Materials and methods

Animals

A total of 60 SHR and 60 WKY rats were purchased from Beijing Vital River Laboratory Animal Technology Co., Ltd. (Beijing) [Animal certificate of conformity: SCXK (Beijing) 2012–0001, weighing ~200–250 g, aged 16–20 weeks old, male or female]. Rats were housed in separate cages in a specific pathogen-free environment at 24±3°C, relative humidity of 40–70%, in a 12 h light-dark cycle, and were provided with free access to food and water. All protocols were approved by the Institutional Animal Care and Use Committee (IACUC) at the Medical College of Shihezi University and consistent with the Guidelines for the Care and Use of Laboratory Animals published by the US National Institutes of Health (14).

Reagents

RMF was purchased from Hubei Yichang People Fook Pharmaceutical Co., Ltd. (batch number, 6141211; Yichang, China).

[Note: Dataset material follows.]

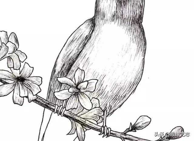 7.腹部:跟头部排线差不多,两次排线,也要留白,腹部线条较长,留白处的线条轻轻地画就是断断续续的。第二次排线加密翅膀边缘。

Phenylephrine (PE), acetylcholine (ACh), ethylenediaminetetraacetic acid (EDTA), tetraethylammonium (TEA), 4-aminopyridine (4-AP), collagenase, papain, bovine serum albumin (BSA), DTT, and DMEM culture medium were purchased from Sigma-Aldrich (Merck Millipore, Darmstadt, Germany). KCl and other reagents were acquired locally. All reagents used in the pressure myograph system and whole-cell patch-clamp technique were prepared using sugar-free physiological saline solution (PSS). Extracellular solution was a stock sample prepared before being further diluted with external solution to achieve the final concentration. The formulas of PSS/saline solution with high kalium and the external solution were in accordance with the literature (15,16).

Instruments

Pressure myograph system (110P; Danish Myo Technology A/S, Aarhus, Denmark), MyoVIEW software (Danish Myo Technology A/S), Axon MultiClamp 700B patch-clamp amplifier (Axon; Molecular Devices LLC, Sunnyvale, CA, USA), micromanipulator (PCS5001; Siskiyou Design, Oregon, USA), P-97 microelectrode pullers (Sutter Instrument, Novato, CA, USA), heated water bath (HSS-1B; Chengdu Science Instrument Factory, Chengdu, China), and multiple perfusion administration system (supplied in-house by Huazhong University of Science and Technology, China).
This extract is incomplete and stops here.